I was a man who’d touched death and hadn’t returned. A man who now waded in graveyards and welcomed power from ghosts. A beast who no longer had any morals or desire to obey the laws of man.
I was distant.
I was unreachable.
Dr Campbell was the one to show me, to dip into my fury-blackened numbness and reveal just how far I’d fallen. “Sullivan, snap out of it. You’re scaring them. And scared police are dangerous police.”
I snatched the finger he dared waggle in my face. “I will ask you again. Is Jess alive?”
He nodded, yanking his hand out of my icy fist. “Barely. I’m still working on her. I need help, Sinclair. I need another doctor.”
“Contact the ruins on Serigala. They’ll send the two vets who weren’t killed.”
“A vet won’t—”
“A vet is all you’ll get.” Pushing off the bed, I snarled as if every predator and monster lived within me.
My legs buckled.
Pain.
Motherfucking mind-deadening pain.
“Sinclair!” Campbell caught me as I plummeted toward the salt-covered tile. He couldn’t hold my bulk, doing his best to slow my trajectory until we both sprawled on the floor. Pika flew around the room, jumpy and unhappy, his chirps echoing off the walls.
“Fuck!” I blinked through the curtain of charred fury, pissed off at my useless body, cracking beneath the time I was losing not chasing Drake. “Fuck!”

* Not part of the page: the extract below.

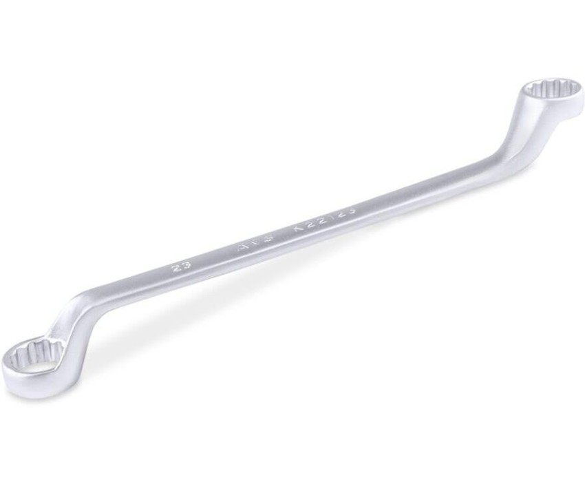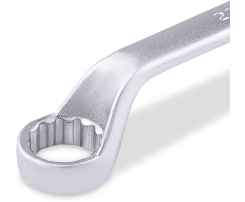 Накидной ключ – это рукоять и зажимная часть, которая охватывает весь периметр гайки. Он более удобен в эксплуатации и надежнее фиксирует крепеж, чем рожковый. Применяется для работ с высоконагруженными резьбовыми соединениями. Изогнутая на 75° коленчатая рабочая часть облегчает доступ в труднодоступные места. Кольцевые ключи имеют 12 граней. 12-тигранный ключ более распространен в использовании (поворот на 30 градусов). Из-за большого пятна контакта вероятность деформации углов сведена к нулю. Ключи изготавливаются из легированной хромованадиевой стали по стандарту DIN 838, в соответствии с ГОСТ 2906-80. Размер ключа: 21 мм, 23 мм Длина ключа: 299,00 мм Покрытие: сатиновое ГОСТ 2906-80 Прочность: 47-52 HRC DIN-838

“Your leg...” Campbell pushed me away, his hands running over the same thigh with its harpoon-stitched hole. He pushed a new bump, prodded at new heat. “Without an X-ray, I can’t be sure, but I think you’ve fractured your tibia...wait...” He worked his way down my mangled appendage. “Your ankle.” He circled the new swelling, moving his inspection to my foot when I cringed. “And your foot.” He palpitated my toes, each exploration finding pain, pain, motherfucking pain!